Defining the table schema is easy enough in Python with static types:
class Post:
id = BigSerial(primary_key=True)
name = Text()
description = Text()
created = Datetime()
karma = Integer()
And then we can use the class attributes in the query DSL:
query = (
select(Post.id, Post.name)
.where((Post.id >= 25) & (Post.name == "foo"))
.where(Post.karma >= 25)
.order_by(Post.name, desc(Post.description))
.limit(5)
.skip(10)
)
if has_lots_of_karma:
# easier than messing around with SQL strings
query = query.where(Post.karma > 10_000)
result = db.query(query, shape=List[Tuple[int, str]])
Compared to the strings, SQL executed with the query DSL isn’t always obvious, so we can watch the database logs or have the db client write the generated queries to the console.
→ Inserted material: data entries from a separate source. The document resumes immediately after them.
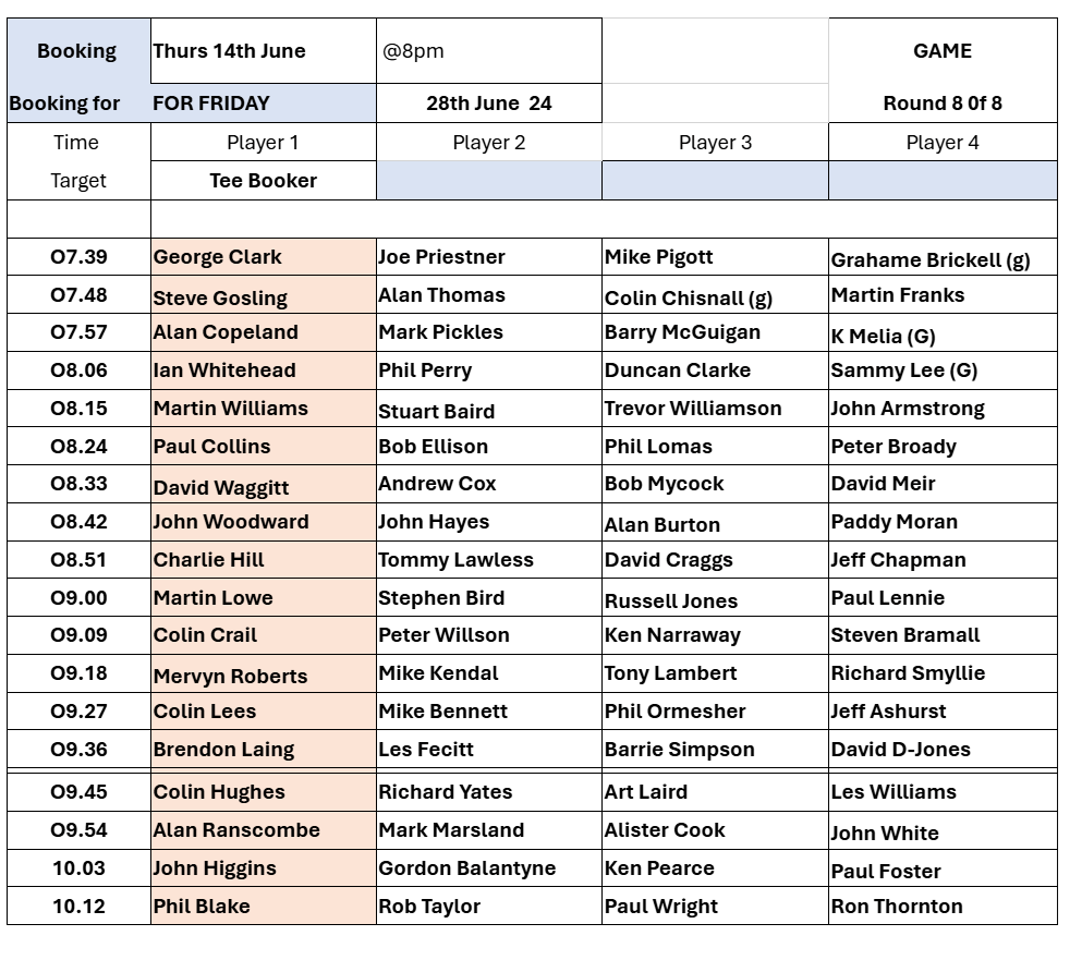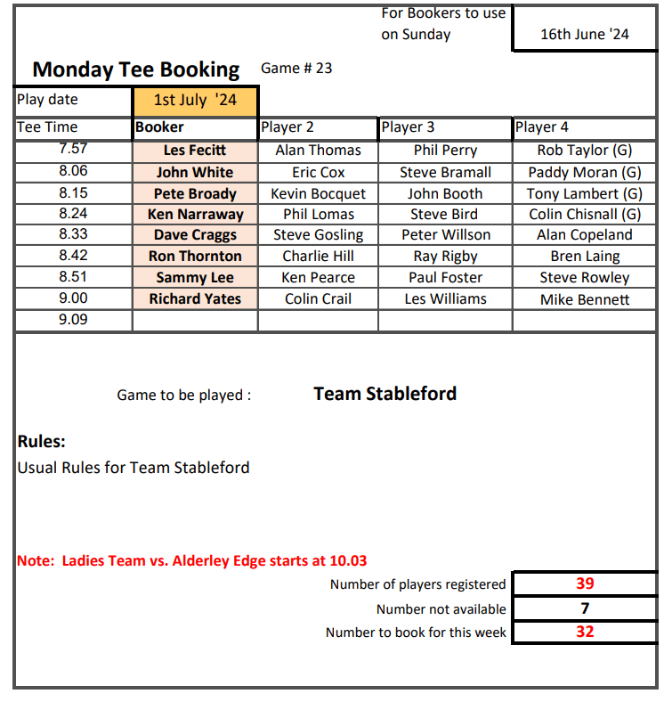 Tee-booking schedule for tomorrow, Thursday 13 June
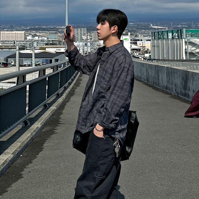 Product Source Category:In Stock,Brand:THE OTHER/Other things,Item Number:220216,Fabric Name:Cotton 1,Material function:other,Fabric Thread Count:Cotton 1,Style:Korean Style,Bargain Category:Youth Fashion 18-24 Years Old,Design 1:Cardigan,Design:Loose Fit,Collar Style:Turn-down Collar,Sleeve Length:Long Sleeve,Pattern:Grid,Thickness:Average,Is it in stock?:yes,Inventory Type:Complete order,Design details:Buttons,Suitable for everyone:Youth,Year/Season of Release:Autumn 2024,Main fabric composition:Cotton,Content of the main fabric components:100,Applicable Scenarios:Casual,Color:Blue, dark gray,Size:M, L, XL, 2XL,Suitable for the season:Autumn,Craftsmanship:Printed/Dyed,Original Design Source:No,Is there a quality inspection report?:No,Suitable age group:adult,Applicable Gender:Male,Product Category:Shirt
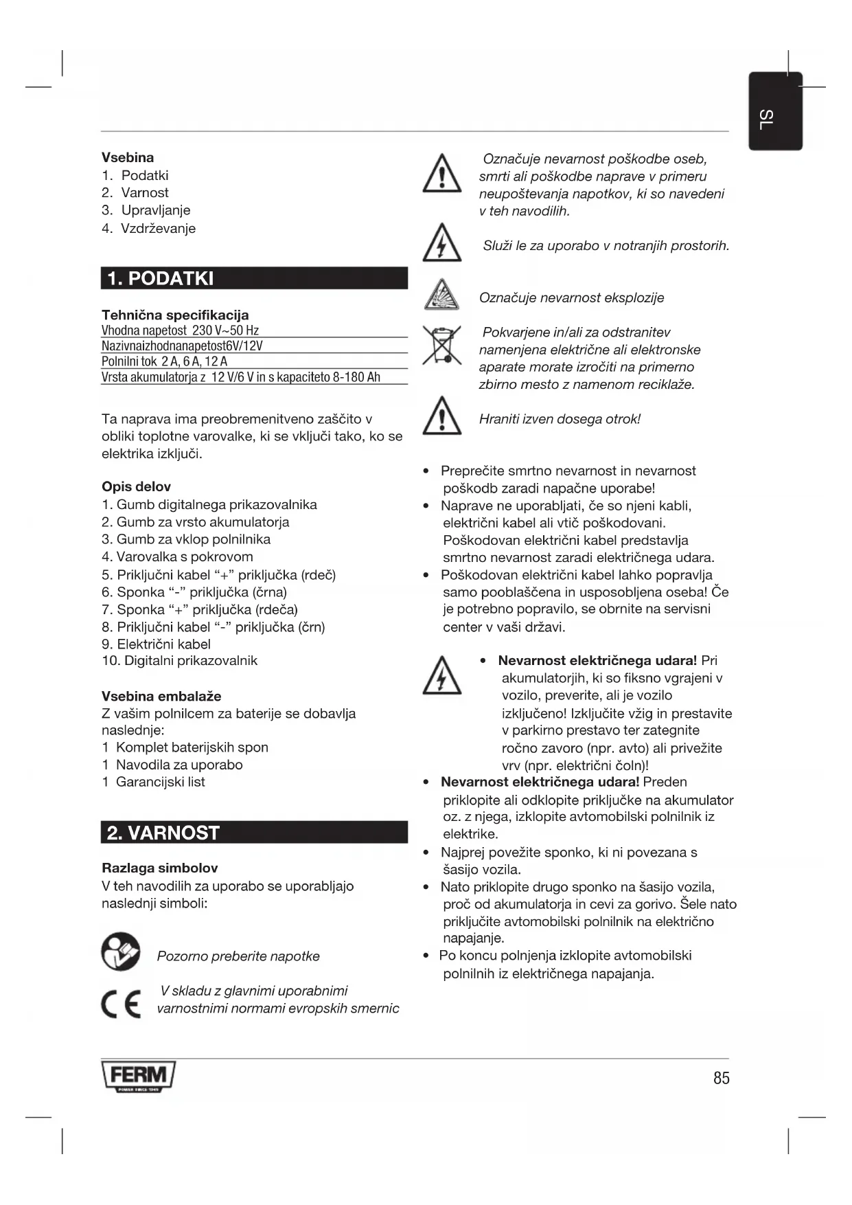 POZOR! Da se izognete elektrichi nevarnosti, morate polnilec priključiti na vir napetosti s podobno ozemljitvivo in nikoli ga ne smete izpostavlji at dežju ali snegu. Poškodovane kable mora takoj zamenjati strokovjak.
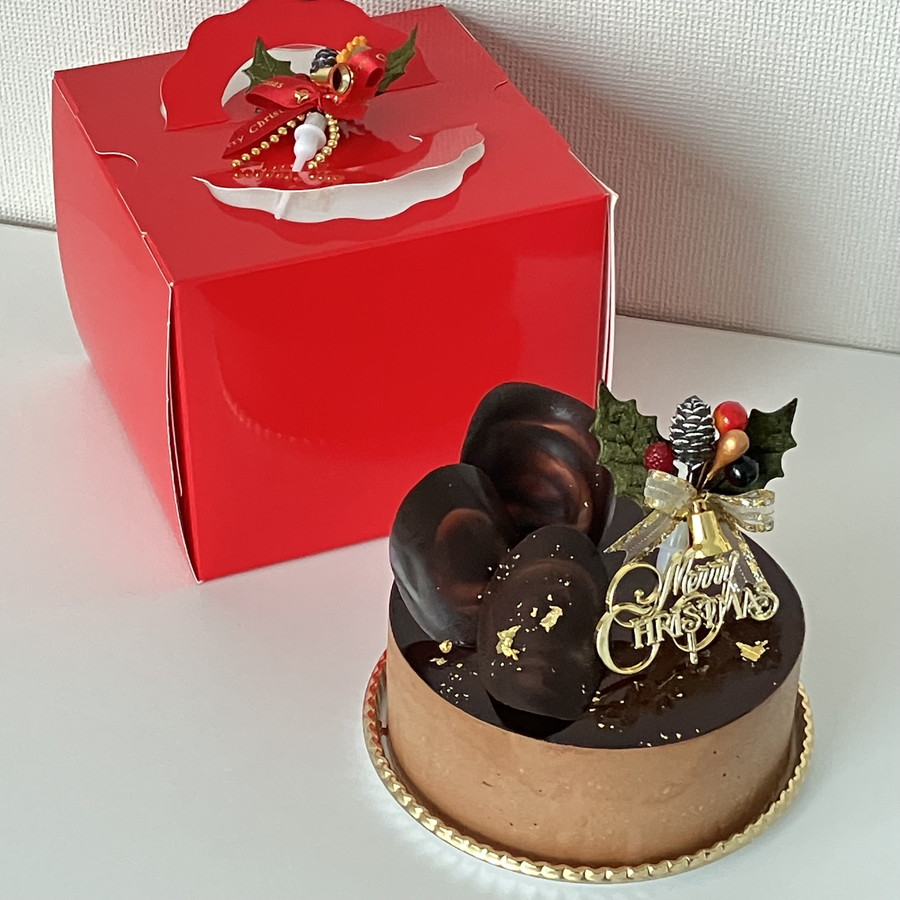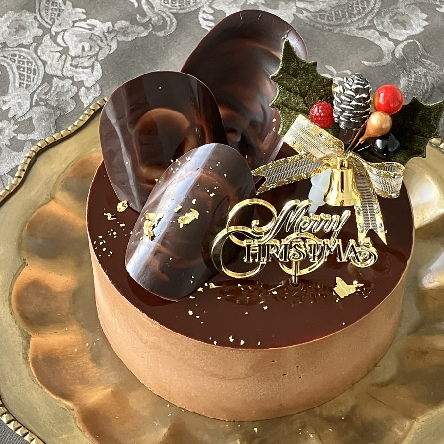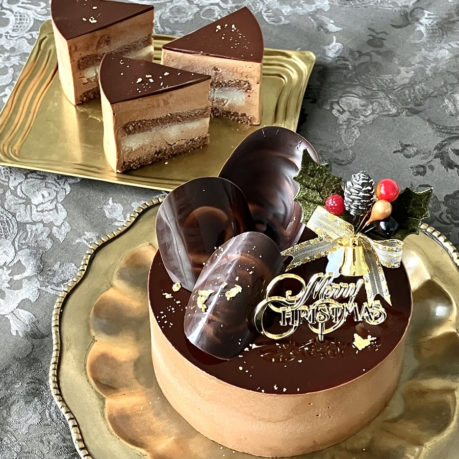 ほんのりビターなキャラメルとチョコレートのムースをクリスマスケーキ仕立てにしました。やさしい風味の洋梨をサンドし、つややかなグラサージュでデコレーション。ちょっと本格的なケーキも冷凍スポンジを使うことで手軽にチャレンジできます。

Query Builder w/o Specific Shape Argument
The query DSL approach is more flexible than the string approach, but can we remove the need to provide a type entirely?
Django’s ORM uses the table definition class for the output type of the queries, which alleviates the need to specify the query’s result type.
However, things get a little tricky once you select specific columns with
.only()
as the same table class is used, with the missing fields replaced by their
zero/empty values.
# only Post.id, and Post.name are populated with actual values.
# Post.karam, Post.description, and Post.created are set to their empty
# values.
result = Post.objects.filter(karam__gte=10).only("id", "name")
While this functionality can be confusing, it type checks, but the pattern
doesn’t transfer to more complicated queries that can’t be expressed in the
ORM. For those we’ll need to use the underlying psycopg
cursor
with SQL strings.
So how can we avoid having to write out the type of the query result?
We could try making the argument generic with a
TypeVar
so
that select(T)
returns Query[T]
.
The problem with this approach is that the types are wrong. In
select(Post.id, Post.name)
the types of Post.id
and Post.name
aren’t
int
and str
, but instead BigSerial
and Text
. And we can’t change
these types because we use them for building queries.
Another option is adding @overload
s for the select()
’s __init__
, but
that would require an overload for every possible argument count, along with
every argument type used, as we need the overloads to map from the query builder
types, BigSerial
, Text
, Integer
, etc. to their corresponding Python types.
Additionally we’d require even more overloads for things like
json_agg
.
We might be able to cover the functionality with a mypy plugin, but this wouldn’t transfer to other type checkers like Pyright.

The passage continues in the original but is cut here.